Crypto Regulations Incoming

Early in December, local news source NDTV reported that it had gotten the details of a cabinet note that was making rounds in the government concerning a proposed crypto bill. Sunil Prabhu, a reporter for the news outlet, explained that the note contained suggestions for the government to regulate digital assets as opposed to an outright ban.

Under the new regime, cryptocurrencies would be overseen by the Securities and Exchange Board of India (SEBI) – as opposed to the Reserve Bank. Prabhu also pointed out that investors will be given a specific time frame to publicize their crypto holdings with the government and transfer their assets to exchanges and brokers that are regulated by the SEBI. This way, the government will be able to enforce stronger reporting guidelines and prevent the use of cryptocurrencies in money laundering and other crimes.
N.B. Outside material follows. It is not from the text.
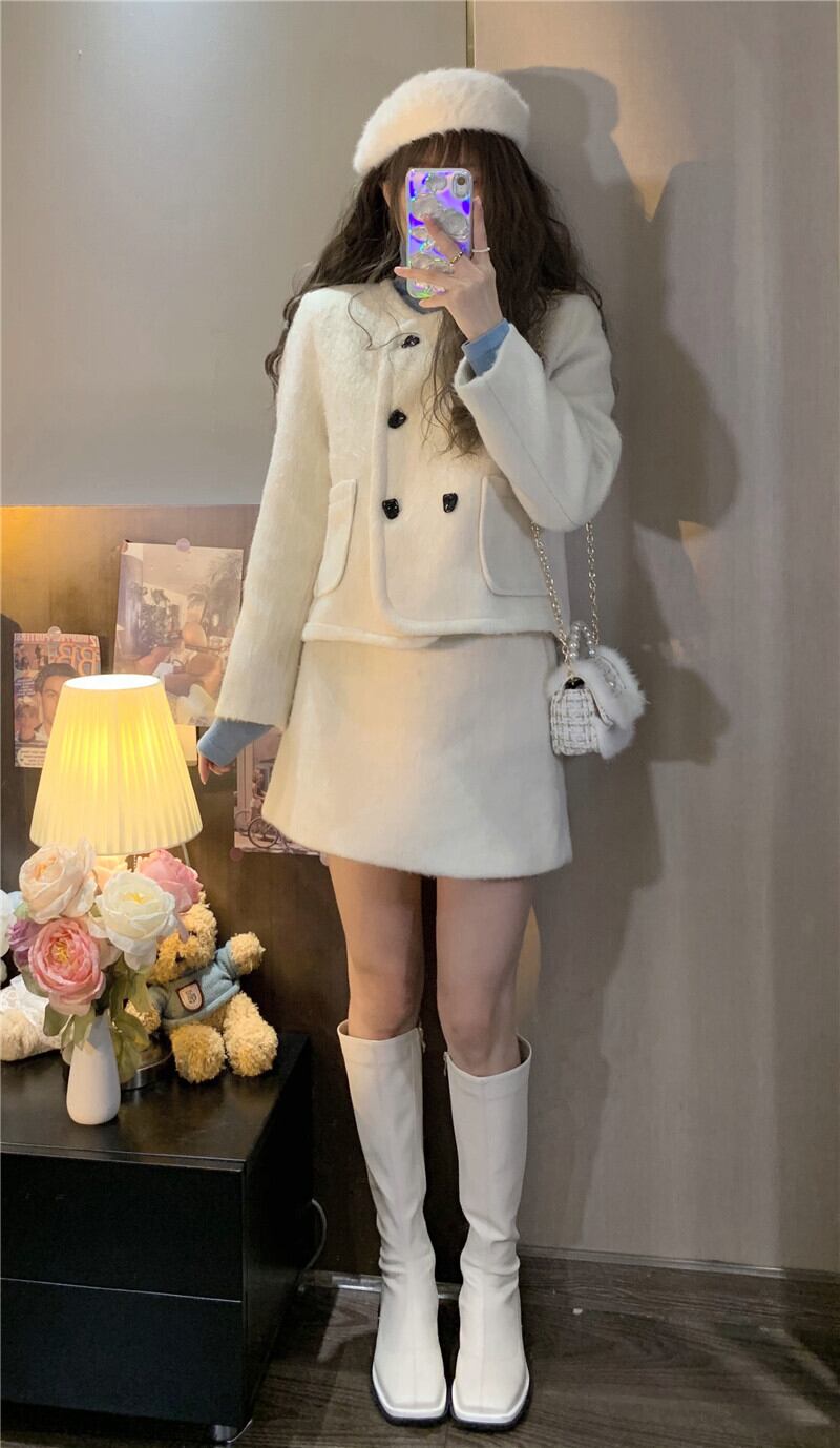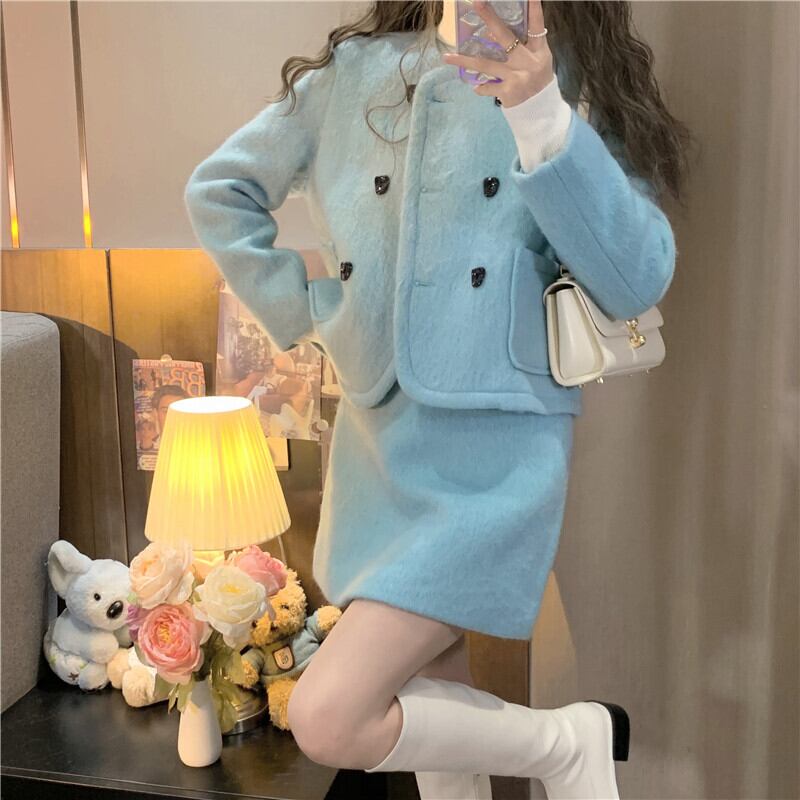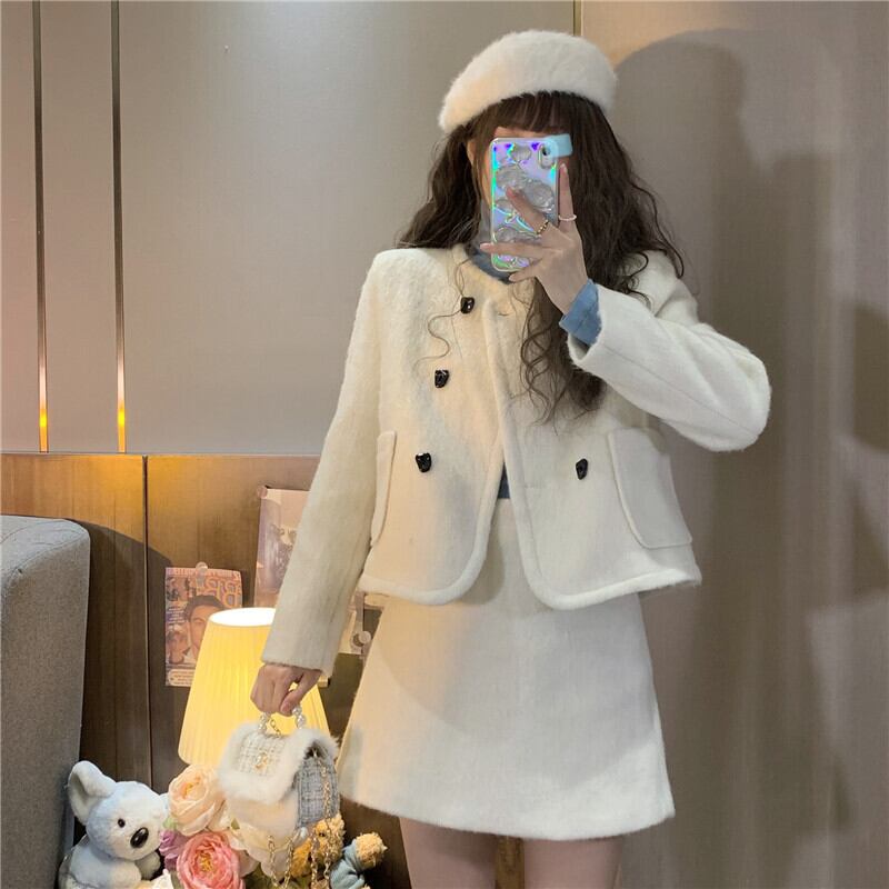 セットアップ スーツ ジャケット ショートコート ミニスカート クロップド丈 長袖 ノーカラー 襟なし 台形スカート ポケット ダブルブレスト ボタン 起毛 ツーピース 上下セット 2点セット かわいい きれいめ 上品 おしゃれ お洒落 こなれ感 キュート ガーリー ラブリー フェミニン 存在感 主役級 S M L アイボリー 白 ホワイト 水色 ブルー 無地 冬 秋 クリスマス バレンタイン 10代 20代 30代 女の子 学生 デート お出かけ 女子会 休日 パーティー イベント モテ 美脚 脚長

Prabhu also explained that the government will be making some monetary policy changes while focusing on the crypto sector. Digital assets will still not be recognized as legal tender or currencies, with Prabhu explaining:

“Cryptocurrency as a legal tender will not be accepted. That is a clear no. I think that that is what even the prime minister in his deliberations at that meeting made absolutely clear to ensure that does not take place.”

India’s proposed crypto bill has been making the rounds for a while now. In November, Lok Sabha, the country’s lower house of parliament, shared the Cryptocurrency and Regulation of Official Digital Currency Bill – one of the 26 new pieces of legislation that it plans to address as its winter session. The document proposed a ban on all private cryptocurrencies in the country, with the sole exception of assets that “promote the underlying technology of cryptocurrency and its uses.”

Interestingly, the bill also promotes the creation of a central bank digital currency (CBDC) by the Indian government.

That bill has already appeared on the Indian parliamentary agenda since the start of the year. Despite this it has still not yielded any votes. It is one of the many solutions proposed to address the crypto regulatory issue, with the Indian government looking to put this problem to bed once and for all.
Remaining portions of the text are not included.